Although anelloviruses are widely prevalent in human and animals and most appear to be commensal infections whose concentration increases with decreased immune function [28,29,30], there is no reports showing the presence of anellovirus in the vaginal tract of pregnant women with vaginitis. The present study revealed a large number of anellovirus sequence reads in the vaginal tract from pregnant women with vaginitis but not in the pregnant without vaginitis. The numerous anelloviral reads in the vaginal tract of vaginitis women may reflect the lower immunity status of these individuals or these types of anelloviral infection may have association with vaginitis of pregnant women. According to the criteria of International Committee on Taxonomy of Viruses (ICTV), demarcating species in genus Betatorquevirus employs a cut-off values of > 35% nucleotide sequence divergence based on full length ORF1, the novel anellovirus strains (with strain name ydyzj_2020 and GenBank no. MT783403) identified in this study are proposed novel species within the genus Betatorquevirus.

Human norovirus is a leading cause of acute viral gastroenteritis, resulting in significant morbidity worldwide [31]. Generally, norovirus infection has not been associated with extra intestinal manifestation and no report revealed the presence of norovirus in vaginal tract of pregnant women. In this study, noroviral sequence reads were also detected in vaginal tract of pregnant women with vaginitis, suggesting norovirus may have association with vaginitis, however, this should be verified by further research with large size of sampling.

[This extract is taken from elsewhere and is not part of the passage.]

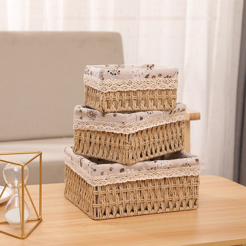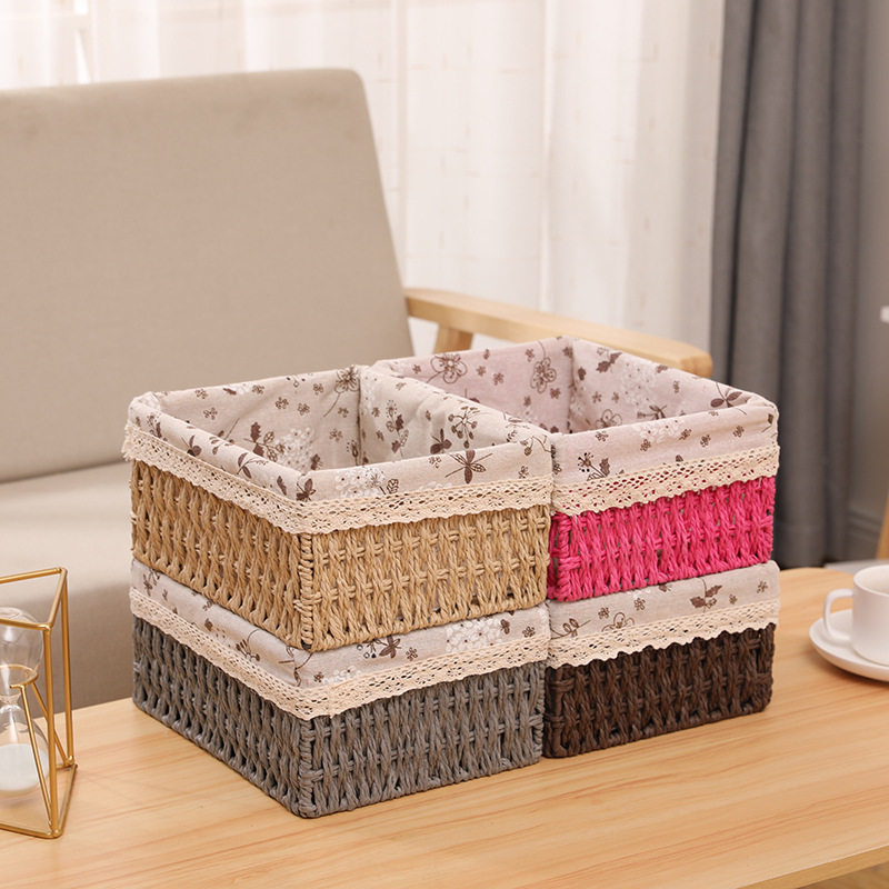 化妆品收纳盒茶几遥控器桌面布艺杂物简约零食篮客厅钥匙藤收纳筐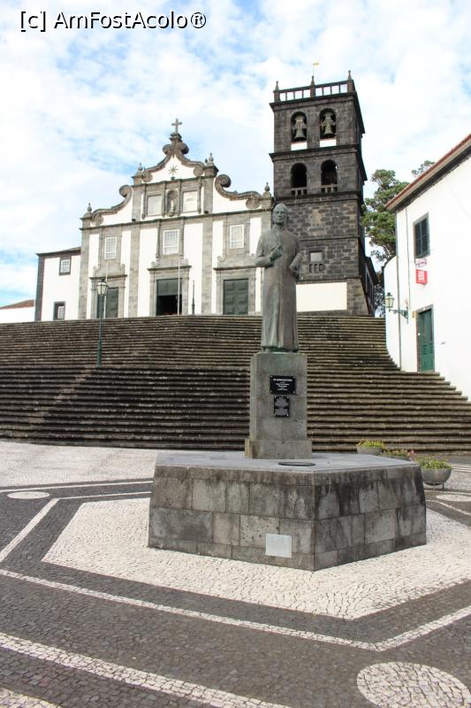 [P68] Insula Sao Miguel, Ribeira Grande, Igreja Matriz de Nossa Senhora da Estrela, în față Statuia lui Gaspar Fructuoso, istoric și preot azorean

Apart from these viruses fully characterized above, some herpesvirus sequences were also detected in all of the 6 libraries, however, some herpesvirus sequences were also present in the negative control library which included PBS as a sample for library constructing and the subsequent Miseq sequencing, suggesting some herpesvirus sequences in the vaginal libraries were from environmental contamination or experimental materials, these herpesvirus sequences were therefore not included in the results.

Conclusion

Using viral metagenomics, the virome in vaginal tract secretion samples from pregnant women with and without vaginitis was investigated, which included 16 different types of HPV, 5 different species of anellovirus and norovirus. Genome sequences of 12 strains of HPV belonging to 10 different types and 5 different species of anellovirus were acquired and fully characterized. One of the novel anellovirus strains was proposed novel species within the genus Betatorquevirus. Our data laid a useful foundation for the future study of the correlation between virus community and vaginosis.